Cherry Pickup

2025-05-02

leetcode, cherry-pickup

You are given an n x n grid representing a field of cherries, each cell is one of three possible integers.

  • 0 means the cell is empty, so you can pass through.
  • 1 means the cell contains a cherry that you can pick up and pass through,or
  • -1 means the cell contains a thorn that blocks your way.

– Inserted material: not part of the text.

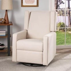 Every household needs seating that will cradle you with sweet comfort. Our charming recliner chair provides an incredibly high degree of coziness in an attractive package with its smooth upholstery and contemporary atmosphere. Featuring delightfully plush seating and graceful wingback design, this exquisite recliner pairs perfectly with its swivel function, allowing you to enjoy ultimate relaxation with little effort. Whether you are settling back in your living room or nursery, this recliner is sure to become your new favorite spot of leisure.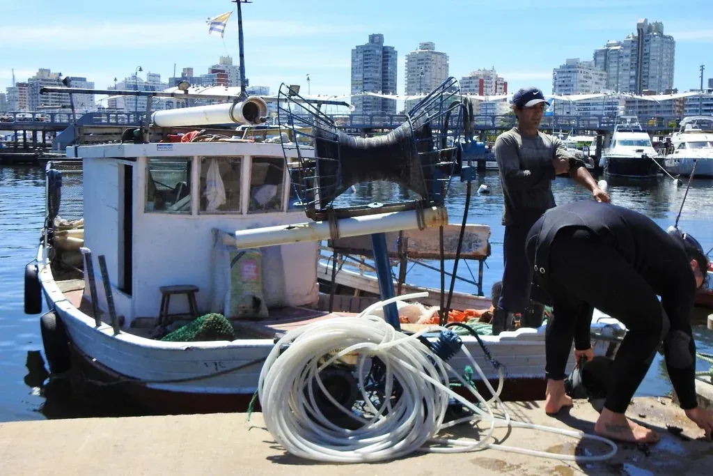 Pocos barcos. Según Mariano Piaggio, antes había unos siete u ocho barcos dedicados a la pesca del mejillón. Hoy quedan dos y solo cuatro buzos.

Return the maximum number of cherries you can collect by following the rules below:

  • Starting at the position (0,0) and reaching (n - 1, n - 1) by moving right or down through valid path cells (cells with value 0 or 1).
  • After reaching (n - 1, n - 1), returning to (0, 0) by moving left or up through valid path cells.
  • When passing through a path cell containing a cherry, you pick it up, and the cell becomes an empty cell 0.
  • If there is no valid path between (0, 0) and (n - 1, n -1), then no cherries can be collected.

cherry-pickup.png

Input: grid = [[0,1,-1],[1,0,-1],[1,1,1]]
Output: 5
Explanation: The player started at (0, 0) and went down, down, right right to reach (2, 2).
4 cherries were picked up during this single trip, and the matrix becomes [[0,1,-1],[0,0,-1],[0,0,0]].
Then, the player went left, up, up, left to return home, picking up one more cherry.
The total number of cherries picked up is 5, and this is the maximum possible.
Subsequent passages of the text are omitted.